Algorithm 6-4: Hash representation

Source: Internet
Author: User
Tags sha1

War Stories


Very long, long ago, there had been a lot of war stories about hash functions.

The basic principle of those wars is that a lot of hash collisions are caused by careful construction, which consumes a lot of CPU resources.



Examples of the software being attacked are the following:

    • Server with vulnerability: The attacker carefully constructs a system conflict. Only a 56K speed can make the server crash, so as to achieve the purpose of Dos attacks.

    • Perl 5.8.0: An attacker carefully constructs a system of conflicts inserted into an associative array

    • Linux 2.4.20 Kernel: The attacker carefully constructs the file name, resulting in a large number of conflicts in the system, resulting in a slump in performance.


Attack principle


String objects in Java are very easy to construct a system conflict. Shows a sample of a system conflict in Java.



How to Solve


Use a more advanced HA system function. Avoid conflicts. For example MD4 MD5 sha0 SHA1 SHA2 Whirlpool ripemd160. But MD4 MD5 SHA0 SHA1 can now find defects, about the MD5 conflict please poke here: http://www.links.org/?

P=6


MD5 is not suitable for associative arrays, because the overhead is too high.


The comparison between the two ways


Two approaches to conflict resolution are presented at the moment, each independent linked list and a linear probe.


Independent linked list:

    • Deleting elements is convenient

    • As the amount of data is added. Slow performance degradation

    • The impact of the HA system on systems is small


Linear probes:

    • Use less memory. Since there is no linked list

    • Better Cache Performance


The improvement of the hash function


Very many different hashing algorithms have been implemented at the moment.


Double-valued Hash:

A hash function returns two hash values inserted into the shorter chain when the element is inserted.

Such a method can reduce the expected length of the chain.


Double hash:

The linear probe method is used, but after each conflict a different number of elements are skipped to find the empty space.

Such a method can be very good to eliminate the continuous placeholder. So that the hash table can be almost filled, but the deletion is very difficult to implement.


Cuckoo hash:

First a hash is generated and a position is computed, assuming there is a conflict. Add a few more references to continue the hash and calculate another position. Until you find a vacant position. The lookup operation for such a method is in the worst case the complexity is N.


Comparison of the table and the two-fork tree


Both hash tables and balanced trees can implement associative arrays.


Hash table:

    • Simple code

    • The performance of such a method is best

    • For simple keyword, this method is faster

    • Better system support in Java, such as the use of hashcode cache in string


Two-fork Tree:

    • Better Performance Assurance

    • Supports sequential operations (gets the rank of an element, the nth-largest value, the number of elements x through Y, and so on)

    • The CompareTo function is easier to implement than the Hashcode function, and not easy to make mistakes


There are implementations for both methods in the Java library.

Java.util.TreeMap Java.util.TreeSet is implemented by red-black trees, Java.util.HashMap java.util.IdentityHashMap is achieved through a hash table.

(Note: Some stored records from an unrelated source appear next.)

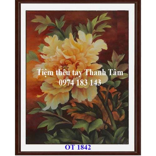 Tranh thêu hoa mẫu đơn được thêu bởi nghệ nhân giỏi, thêu bằng chỉ tơ trên nền vải lụa
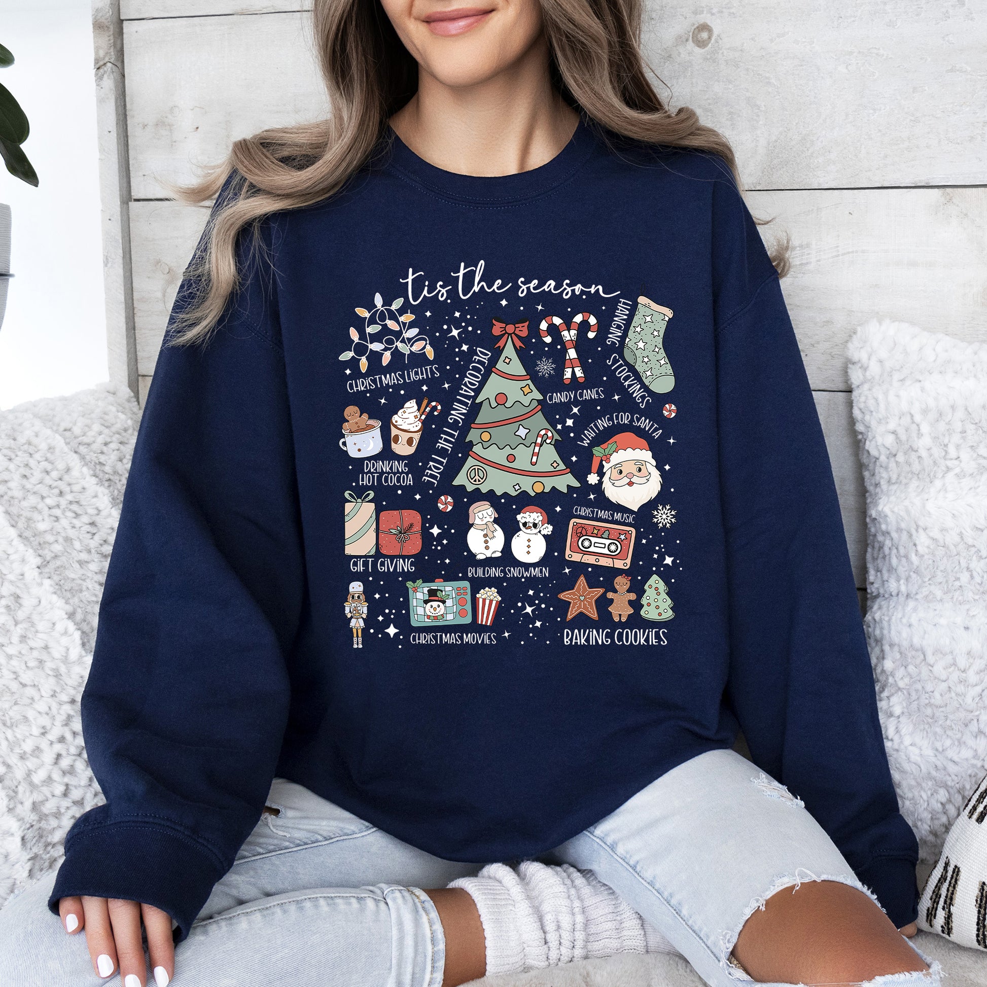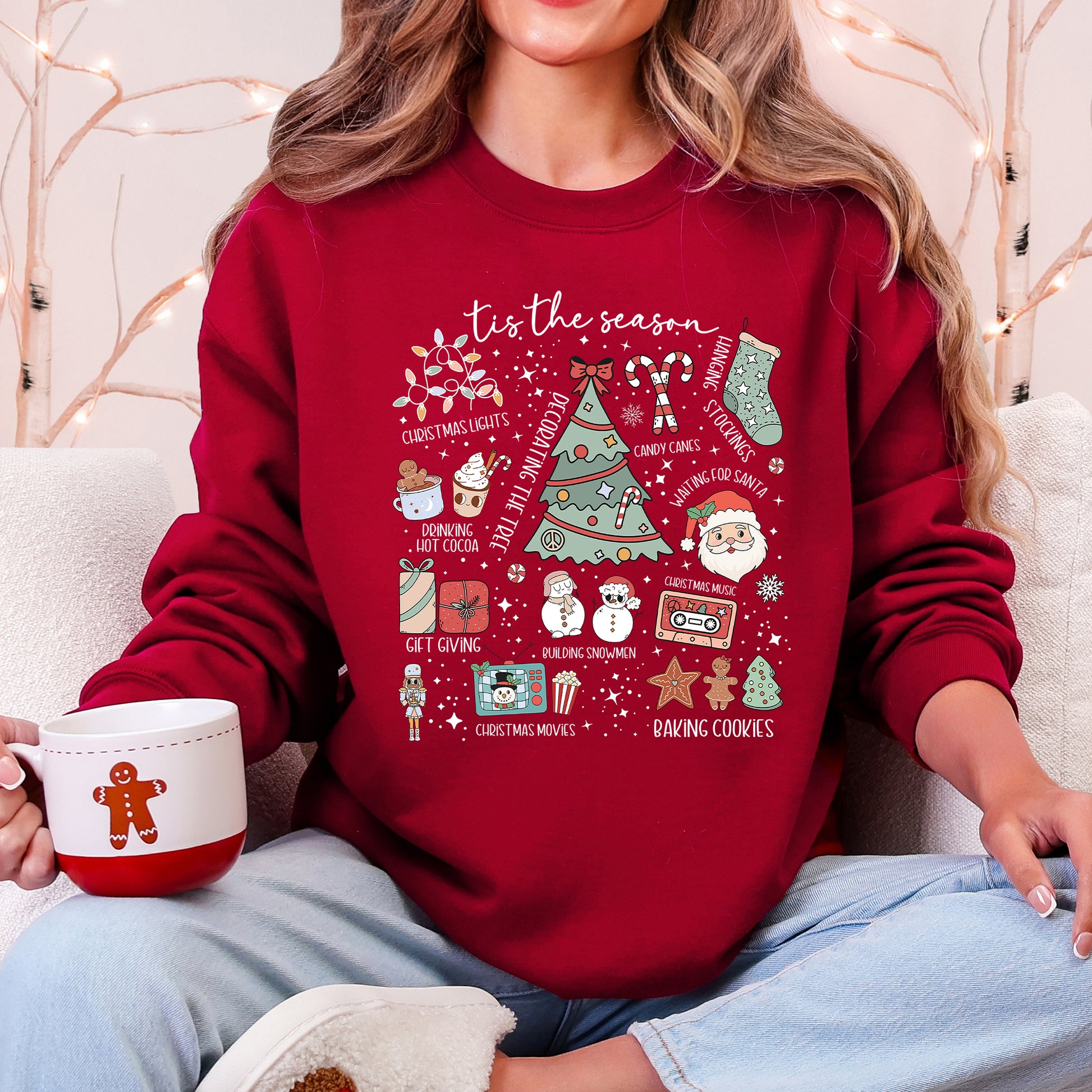 Celebrate the season in cozy, cheeky style with the Tis The Season Christmas Sweatshirt. This cute, trendy piece blends festive flair with everyday comfort, featuring Santa, a decorated tree, a jolly snowman, cookies, and gifts in a playful retro-style graphic that instantly signals holiday joy. Perfect for Christmas gatherings, family photos, or cozy nights in.
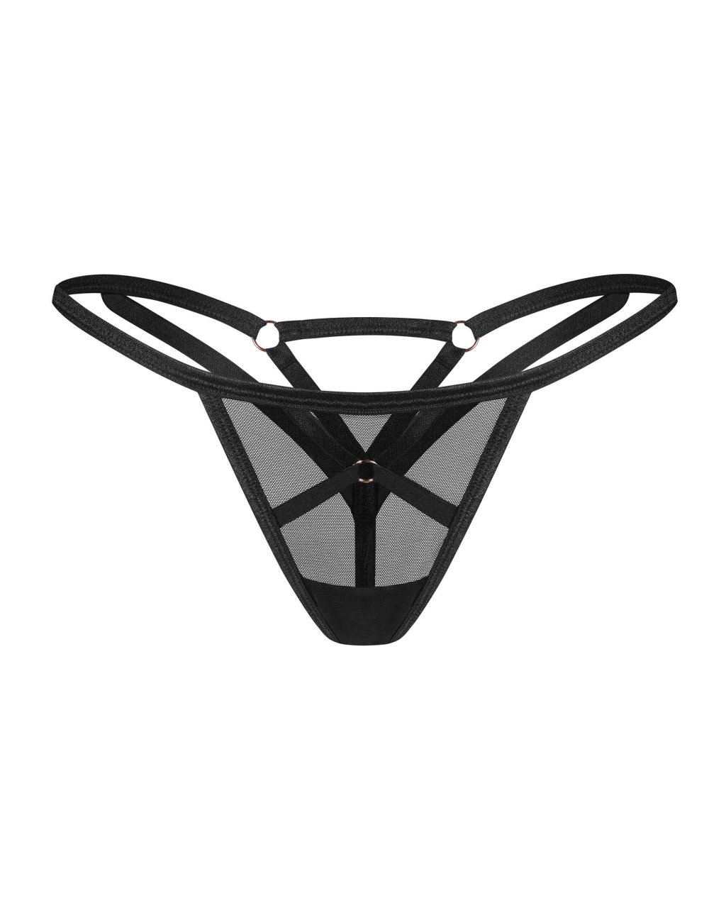 String Euridia�L?essence de la libert� incarn�e, avec flair. L?allure est discr�te, avec une touche d?intrigue, dans son noir intemporel. Le design minimaliste a un bonus suppl�mentaire de charme ludique.�String noir en maille lisse de qualit� sup�rieure. Les lani�res entrecrois�es � l?avant, �l�gamment reli�es � un d�tail d�coratif, sont sa caract�ristique d�terminante. Les accessoires en m�tal rose dor� sur le tissu noir cr�ent un contraste visuel saisissant. Minimalisme stylistique avec une attention maximale aux d�tails.�? String Euridia noir? M�lange de lani�res �lastiques et de tissu transparent? Coupe classique r�invent�e d?une nouvelle fa�on? con�u dans l?UE? tissu souple? 94�% polyamide, 6�% �lasthanne

Algorithm 6-4: Hash representation

Contact Us

The content source of this page is from Internet, which doesn't represent Alibaba Cloud's opinion; products and services mentioned on that page don't have any relationship with Alibaba Cloud. If the content of the page makes you feel confusing, please write us an email, we will handle the problem within 5 days after receiving your email.

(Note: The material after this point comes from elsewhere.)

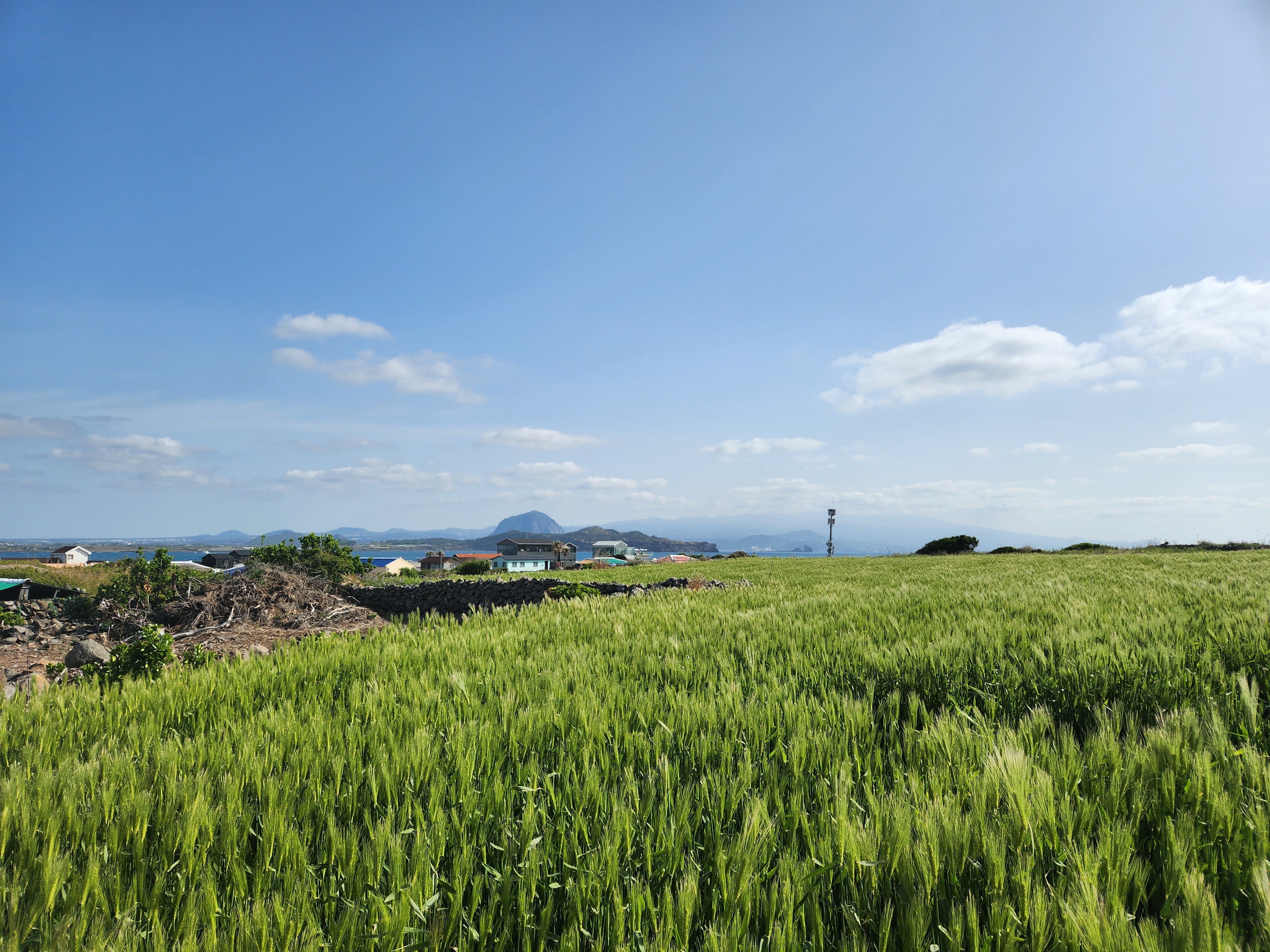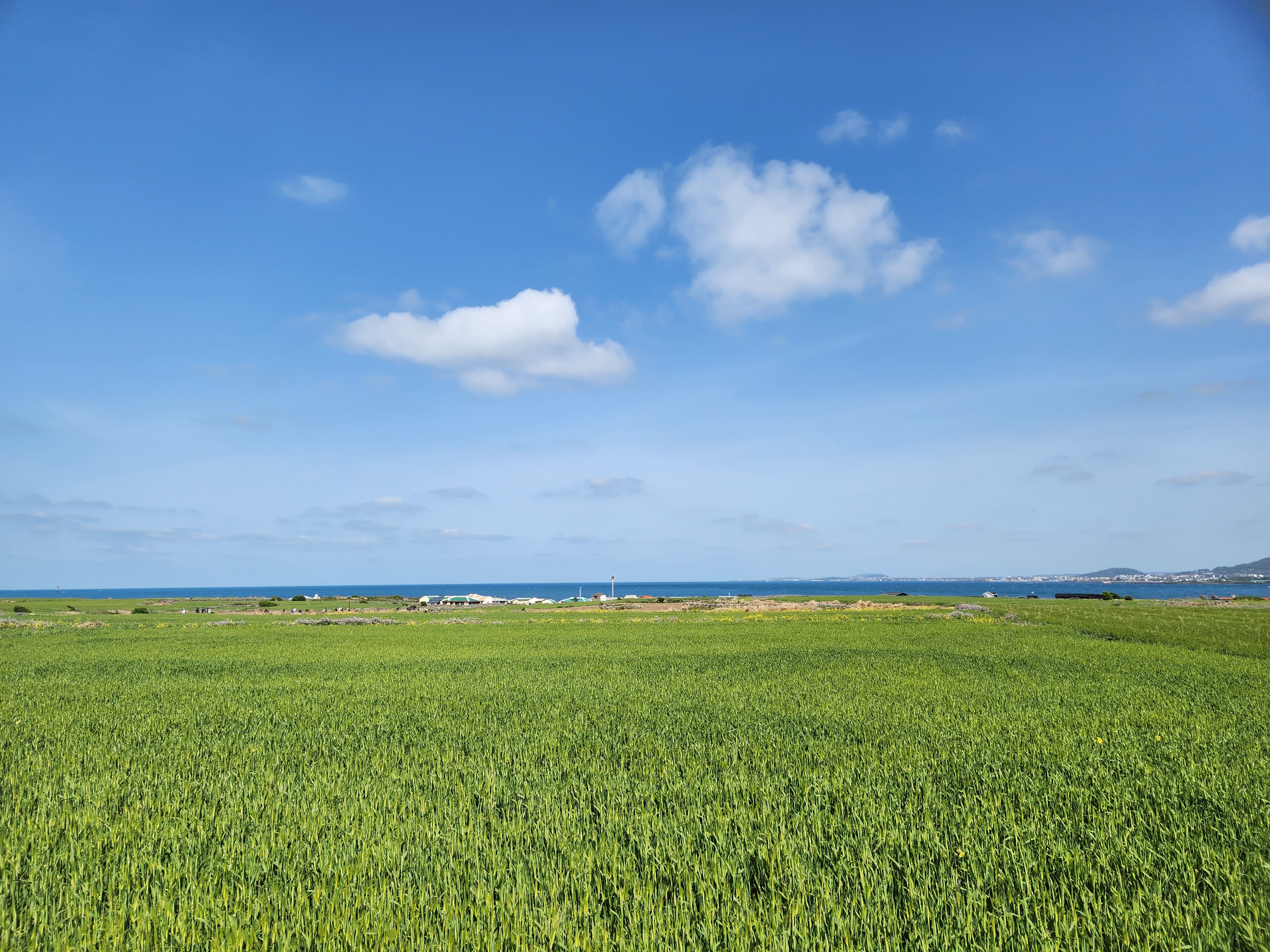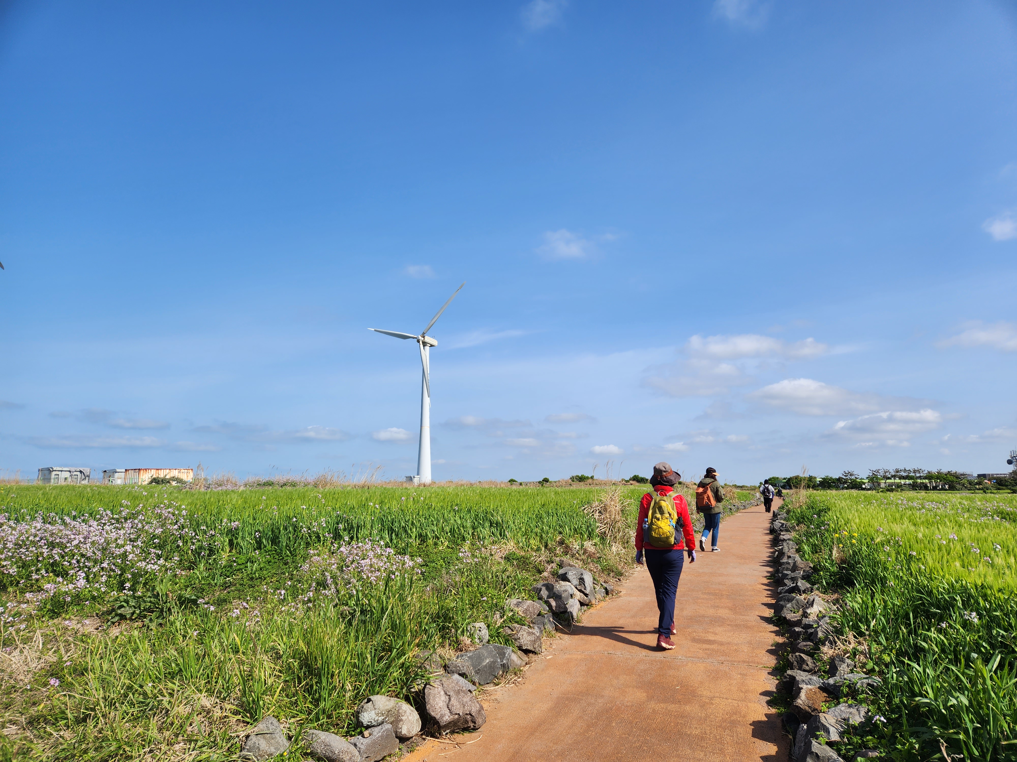 청보리밭과 하얀 풍차, 그리고 파란 하늘에

If you find any instances of plagiarism from the community, please send an email to: info-contact@alibabacloud.com and provide relevant evidence. A staff member will contact you within 5 working days.

A Free Trial That Lets You Build Big!

Start building with 50+ products and up to 12 months usage for Elastic Compute Service

  • Sales Support

    1 on 1 presale consultation

  • After-Sales Support

    24/7 Technical Support 6 Free Tickets per Quarter Faster Response

  • Alibaba Cloud offers highly flexible support services tailored to meet your exact needs.